Jonathan Russell, is a Pennridge resident, father of four, and a Republican candidate for the Pennridge School Board
Incredibly poor judgement but it is to be expected from a collection of ideologs whose slavish adherence to theory triumphs over education and student well-being. This is a prime example why control of the educational process should be removed from the public domain and returned to parental control. Time to let parents decide by whom and how their children should be educated. Time to eliminate all education bureaucrats from the process of education. To paraphrase a comment attributed to a French Minister of War during WWI: “Education is much too serious a business to be entrusted to educators.”
There is so much wrong with this policy. It starts with the fact that there is an agenda behind it that aims to indoctrinate in a way that is not remotely transparent. Schools and international organizations have been pushing any policies they want by using the label “social and emotional learning.”

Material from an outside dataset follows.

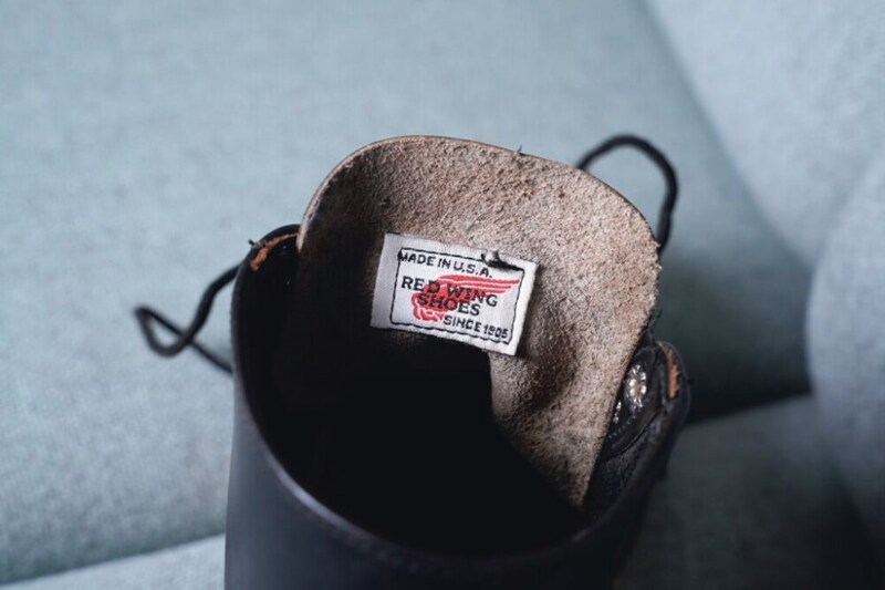 BEAMS本社にアーカイブとして飾れている1995年当時の貴重な別注RED WING。「初めての別注でしたが、その後インライン化するなど、日本発のアメカジスタイルのスタンダードになれたのが、同社として誇らしいところ」

Something that began as an understandable effort to educate broadly about principles such as understanding and regulating your emotions, along with more targeted counseling for students having troubles, quickly morphed into a way to sneak in political influences.
Moreover, it’s also a massive invasion of privacy AND a way to mine your children for invaluable data. Our children are not lab rats to be subjected to psychological interventions and to generate data for profit.

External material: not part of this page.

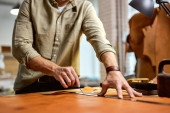 Zdjęcie "profesjonalny szewc mierzący but z taśmą pomiarową w warsztacie" może być wykorzystywane do celów osobistych i komercyjnych zgodnie z warunkami zakupionej licencji Royalty-free. Obraz jest dostępny do pobrania w jakości wysokiej rozdzielczości do 5760x3840.

The best remedy for this issue would be electing commonsense Republicans to the Pennridge School Board.
You are 100% right but unfortunately this is easier said than done in some districts. It’s hard to understand how parents can possibly enable their children to participate in these indoctrinations.
Can parents write a letter opting their children out of ALL SURVEYS? They SHOULD.
Unfortunately, concerned Pennridge parents who had elected a Republican majority in November of 2021 in response to an attempt to add DEI/CRT/LGBTQ curricula to the already existing SEL curriculum did not seem to understand that they needed to repeat the process in November of 2023.
Souderton parents managed to protect their Republican majority despite the onslaught of propaganda and campaign contributions from outside their school district, but Pennridge parents succumbed to the efforts of the PSEA and the professional leftist agitators.
Off-year elections tend to favor the most aggrieved, motivated, and organized. Democrats therefore had a natural advantage when school board elections rolled around in 2023.
They were horrified in 2021 when so many school boards flipped. So they–with the willing participation of the media–devoted two full years to trashing and generally undermining the Republican school boards that had taken over. They turned normally eyes-glaze-over boring public meetings into farcical spectacles with their customary agitprop, and they succeeded in vilifying well-meaning parents who had run for school board only to protect their children from radical leftist propaganda.
As a result, many school boards like Pennridge flipped back in 2023. And parents and children have been worse off as a result. Those parents who could just abandoned the public schools and searched for better educational settings.
I have experience teaching in a public school (28 years), subbing and volunteering in a Christian school (5-1/2 years), and rehearsing every week with a choir of homeschooled students (3 years). Although I continue to volunteer in the public school in which I once taught, if I were a parent, I’m not sure I would entrust the education of my children to a public school.
Frankly, I have seen the most impressive results from homeschooling. I know it is an immense commitment, but the benefits are enormous.